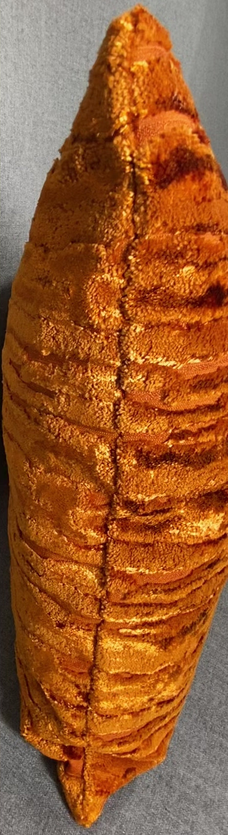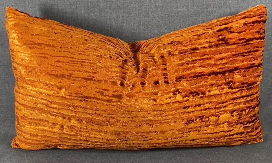 The front features a plush, textured fabric with organic horizontal striations that create natural movement and visual dimension. The surface subtly shifts with the light, revealing tonal variations within the burnt orange palette that elevate the pillow’s artisanal presence.
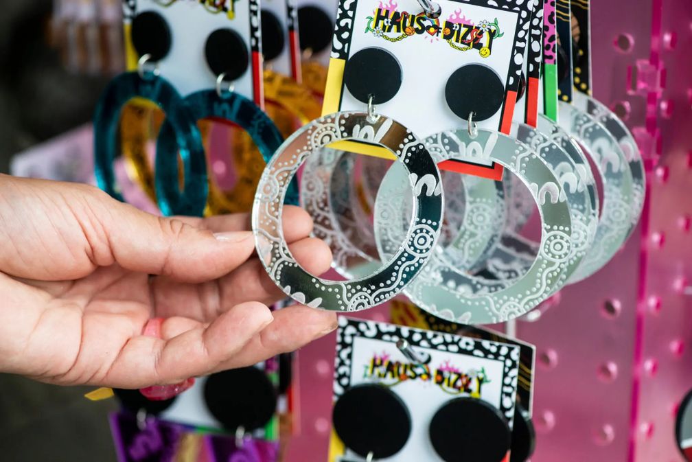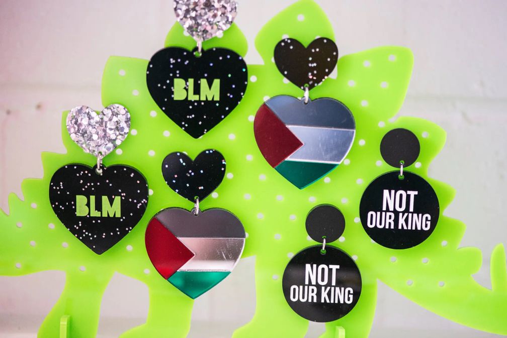 Этот подход отражает ее бренд бижутерии и аксессуаров Haus of Dizzy. Акриловые серьги из коллекции бренда Social Justice украшены надписями типа Stop Violence Against Women («Остановим насилие в отношении женщин»). На булавках с яркими блестящими сердечками изображены черный, красный и желтый цвета флага аборигенов Австралии – сочетание, которое также можно найти на эластичных ремнях бренда и шармах для обуви.
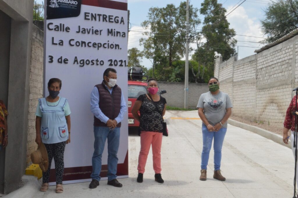 Inicialmente las autoridades visitaron la comunidad de La Concepción para realizar la entrega oficial de la calle Javier Mina, pavimentación que requirió la unión de esfuerzos entre sociedad y gobierno, siendo hoy una realidad.
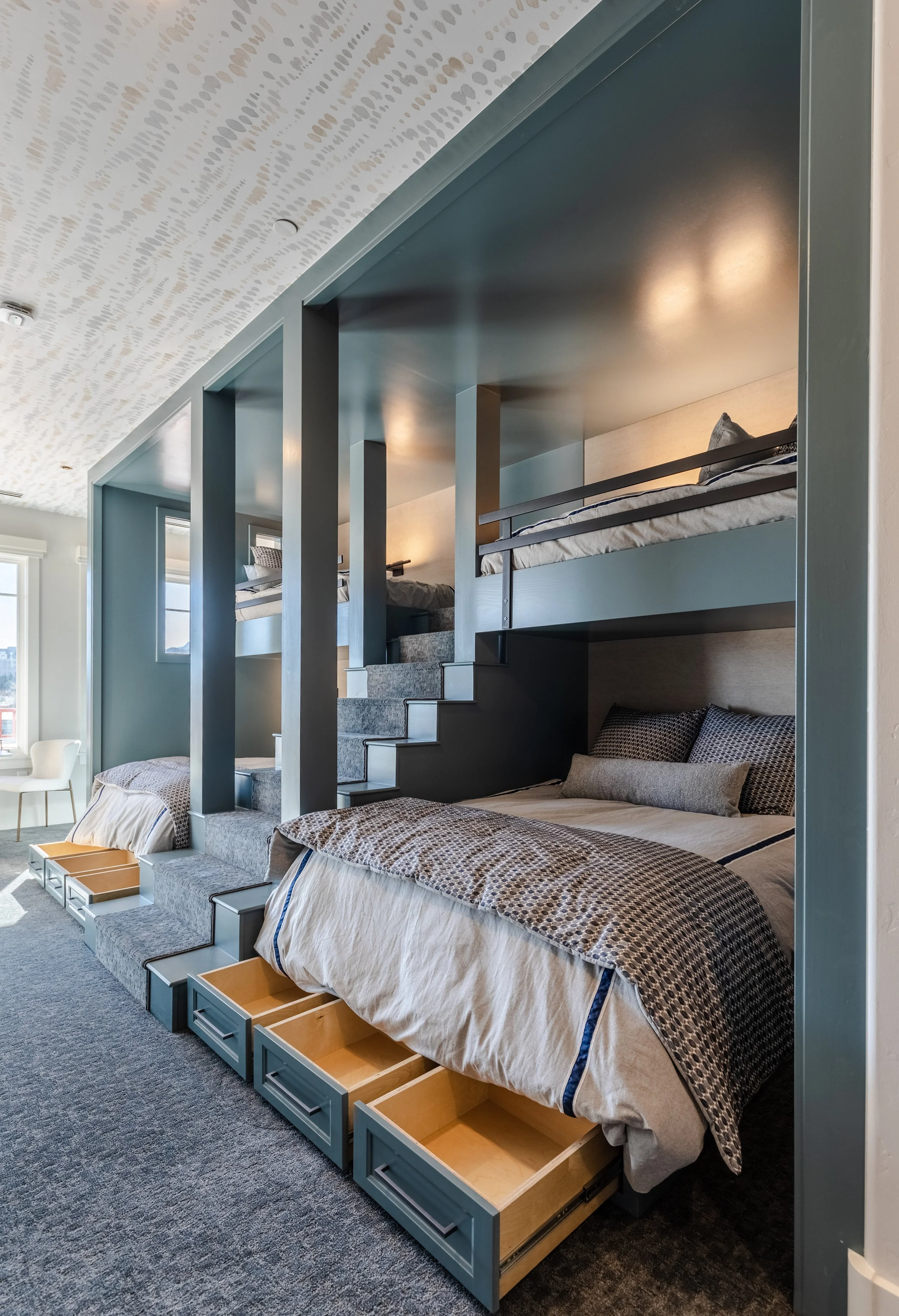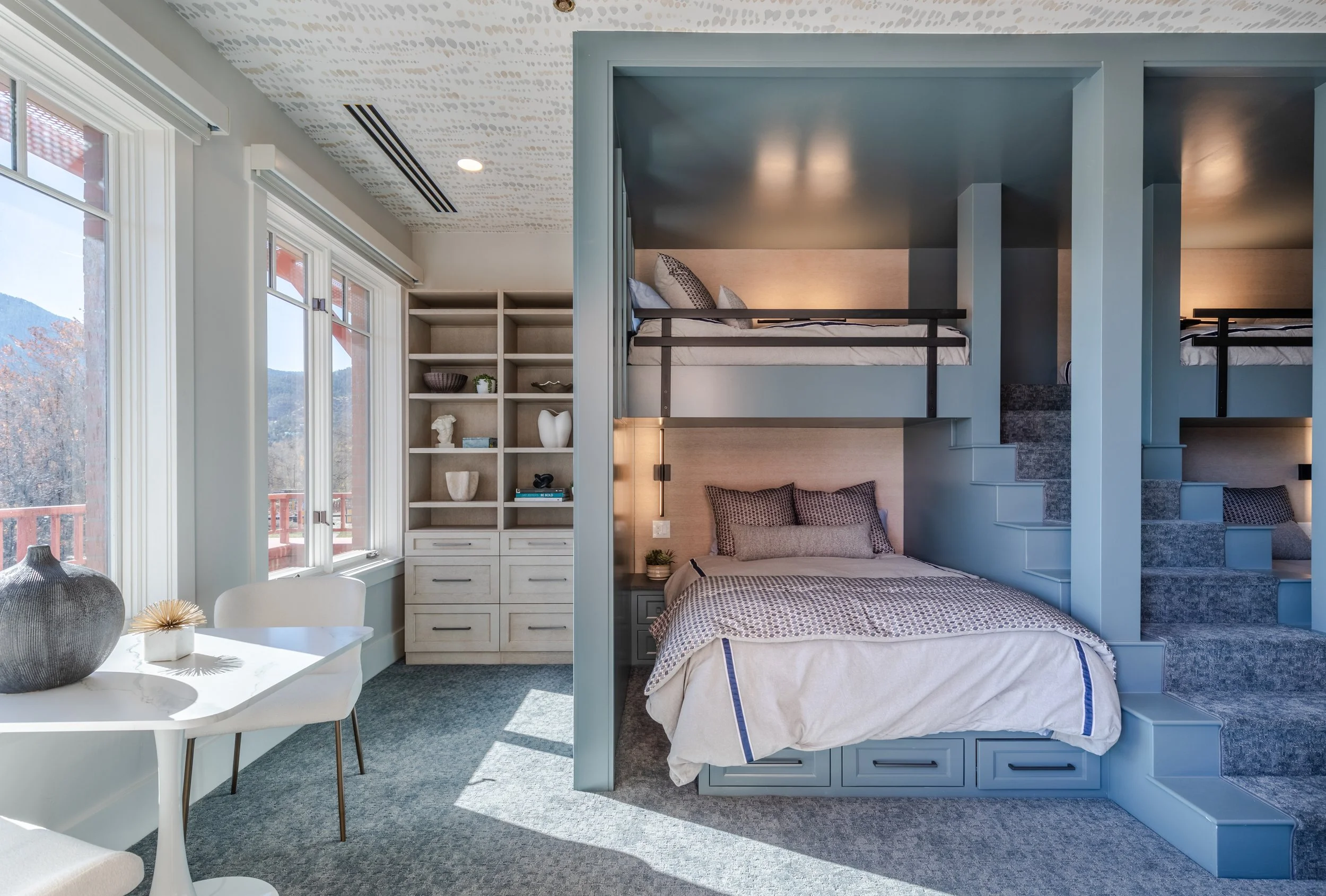 We created the bunk area of this Boulder condo to feel comfortable and accommodate either a group of children or a whole family, while maintaining a refined atmosphere suitable for adults as well. Though the space was intended for everyone, we kept a clear vision throughout the design process. The bunk room combines practicality and style, featuring a soothing neutral palette, luxurious bedding, unique lighting fixtures, ample sleeping arrangements, and a striking wood accent wall that anchors the design. Additional touches include wallpaper on the ceiling and one wall, as well as a plush slate blue carpet that completes the overall look.

-------

GOAL OF THE EXERCISE: Transcribe exactly, and only, the lines from the one with "Этот подход отражает" through the final line of the data above. The pictures stay out.

FINISHED TASK:
 Этот подход отражает ее бренд бижутерии и аксессуаров Haus of Dizzy. Акриловые серьги из коллекции бренда Social Justice украшены надписями типа Stop Violence Against Women («Остановим насилие в отношении женщин»). На булавках с яркими блестящими сердечками изображены черный, красный и желтый цвета флага аборигенов Австралии – сочетание, которое также можно найти на эластичных ремнях бренда и шармах для обуви.
 Inicialmente las autoridades visitaron la comunidad de La Concepción para realizar la entrega oficial de la calle Javier Mina, pavimentación que requirió la unión de esfuerzos entre sociedad y gobierno, siendo hoy una realidad.
 We created the bunk area of this Boulder condo to feel comfortable and accommodate either a group of children or a whole family, while maintaining a refined atmosphere suitable for adults as well. Though the space was intended for everyone, we kept a clear vision throughout the design process. The bunk room combines practicality and style, featuring a soothing neutral palette, luxurious bedding, unique lighting fixtures, ample sleeping arrangements, and a striking wood accent wall that anchors the design. Additional touches include wallpaper on the ceiling and one wall, as well as a plush slate blue carpet that completes the overall look.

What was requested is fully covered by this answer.